_Description of the task:_ Word for word, retype the lines from the one containing "まず「全般」→「データセット名」にて前項で作成したデータセットを選択します。" to the one containing "Semi-comatose Raphie playing" below, keeping both end lines and dropping the pictures.

_Data in this exercise:_
-=-=-

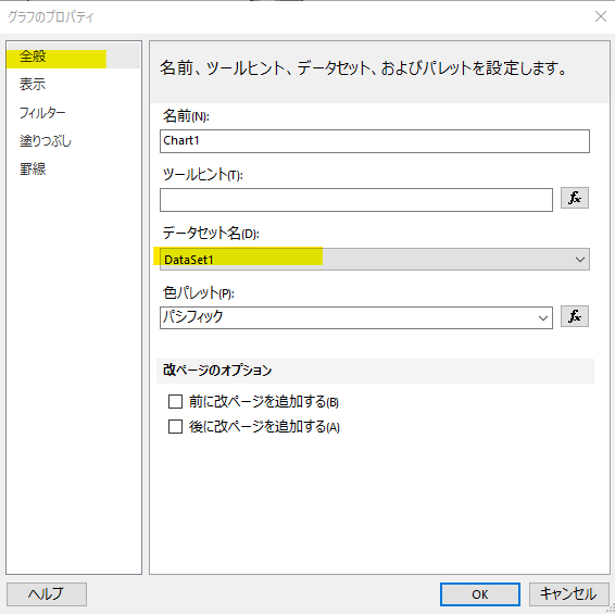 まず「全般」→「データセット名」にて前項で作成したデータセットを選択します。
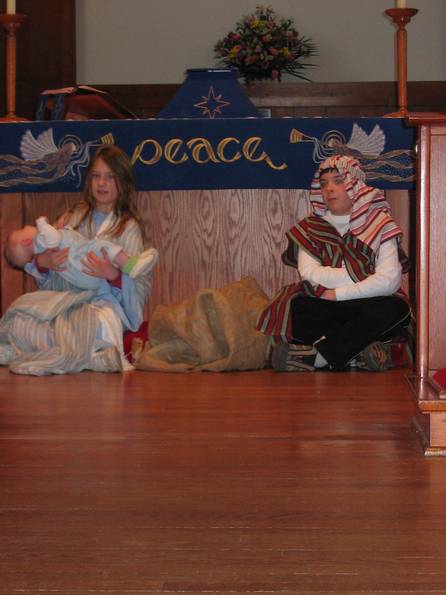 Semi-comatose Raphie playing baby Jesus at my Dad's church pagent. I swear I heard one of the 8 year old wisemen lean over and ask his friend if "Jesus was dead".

-=-=-

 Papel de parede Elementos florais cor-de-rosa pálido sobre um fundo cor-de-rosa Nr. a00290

-=-=-

_Task response:_
 まず「全般」→「データセット名」にて前項で作成したデータセットを選択します。
 Semi-comatose Raphie playing baby Jesus at my Dad's church pagent. I swear I heard one of the 8 year old wisemen lean over and ask his friend if "Jesus was dead".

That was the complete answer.